The recent post, by nuttyfarmgirl,got me to thinking about all the people I've come in contact with,over the years,that had an interest in tractors,cars etc.
Each person I had contact with,had asked simple questions(simple to me,anyway),in order to better understand the unit they had.In most cases,I could show them,one-on-one,what they needed to know,and a couple of times,let them use my shop & equipment(under my supervision). 
Some have become techs in their field of interest,and others have remained friends/customers.
SO,I'm asking the question,now,fellow tractor nuts: Have you taken a hand in getting some one started,outside of the forum?How has it turned out?


----------



## Country Boy (Mar 18, 2010)

I haven't had much time to help get someone started, but I sure hope to with my nephew. He loves working with his toy tools, and I hope to get him started on the real things as soon as he gets older (he's 4 now). I may be having a 15 year old kid (god I'm getting old!) helping in the shop at work this summer, so I hope to impart some knowledge and interest there.


----------



## Hoodoo Valley (Nov 14, 2006)

Country Boy said:


> I haven't had much time to help get someone started, but I sure hope to with my nephew. He loves working with his toy tools, and I hope to get him started on the real things as soon as he gets older (he's 4 now). I may be having a 15 year old kid (god I'm getting old!) helping in the shop at work this summer, so I hope to impart some knowledge and interest there.
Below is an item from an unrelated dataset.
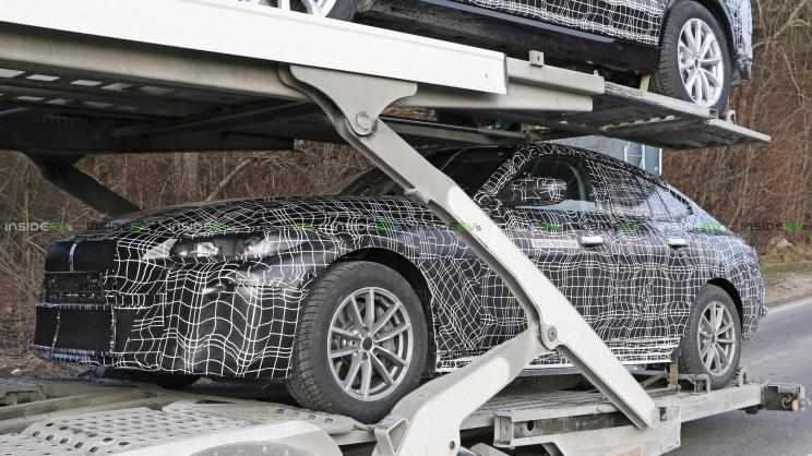 日前,有海外媒体拍摄到了一组宝马电动车型伪装照,并声称这是i4谍照,谍照中的测试原型车被放置在拖车上,且采用了较为严密的伪装,整体轮廓以及车头造型都很接近4系 Gran Coupe,考虑到车身上的“电动测试车”标识以及车尾疑似非实体排气装置,我们认为单凭目前的照片无法肯定这就是i4伪装车,也存在是4系Gran Coupe插电混动版本的可能性。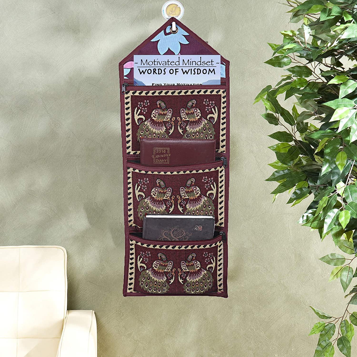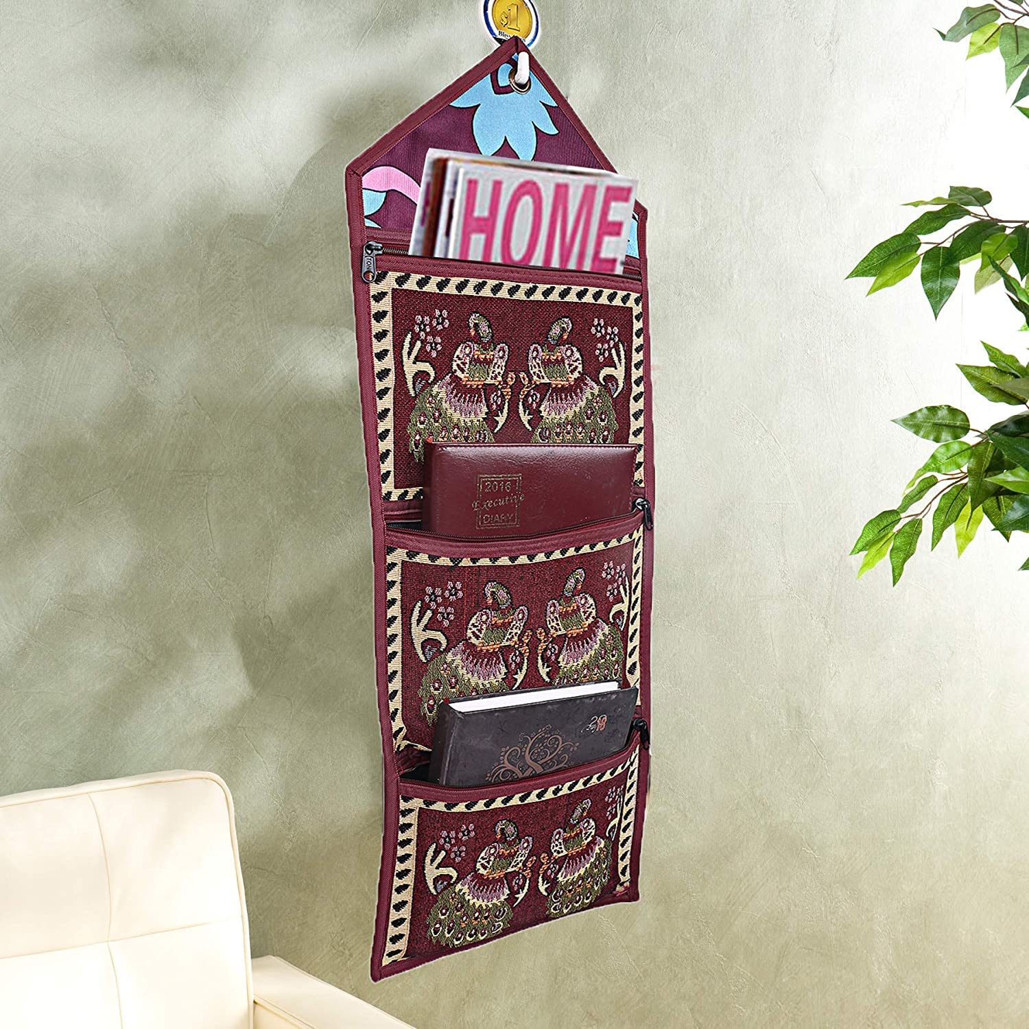 Kuber Industries wall hanging magazine letter holder is made of quality cotton material so this is very durable. This has three utility pockets which look beautiful on the wall. This is perfect for storing magazines, letters, bills, notes, remotes, diaries, pens, keys, envelops, cosmetics or any other essentials. As the name suggests, you can hang it on the door, kitchen, bathroom, living room and anywhere. This magazine holder has good print design which makes it very beautiful.Detailed Specifications:

That's such a good feel. I've helped many a kid getting into building. I love being a teacher, and utilizing constructive ways to hold their interest.


----------



## TecumsehBriggs (Jun 17, 2011)

There's a "slow" kid in the neighborhood (he's about 25) who always comes by when his mower or lawn tractor breaks down. He makes a little money mowing lawns in the area. His immediate neighbor is a mechanic & a landscaper (a marriage made in heaven, you would think), but the guy is not always around so he comes by me & asks questions. I've gone out of my way to help him out. I've installed a starter on his 14 hp Briggs opposed twin, sharpened the blades on his mower deck & showed him how to lube the mandrels & a handful of other projects. The only time I charged him anything, it was a bottle of Pepsi. I told him he really needs to take a course on small engines, or at least invest in a few books. 

One time he came by with a broken mower that belonged to a neighbor I didn't like. He asked me if I would help him fix it & I said "NO". I explained what the guy did to raise my ire & he understood. I told him it was nothing personal, but if he wanted to make a living at fixing mowers, he needed a better understanding of their operation.

I'm blessed with the ability to figure things out, even if I have no previous experience with a certain item. I also know a few people that help me out when I need it, so I try to help others the best I can.


----------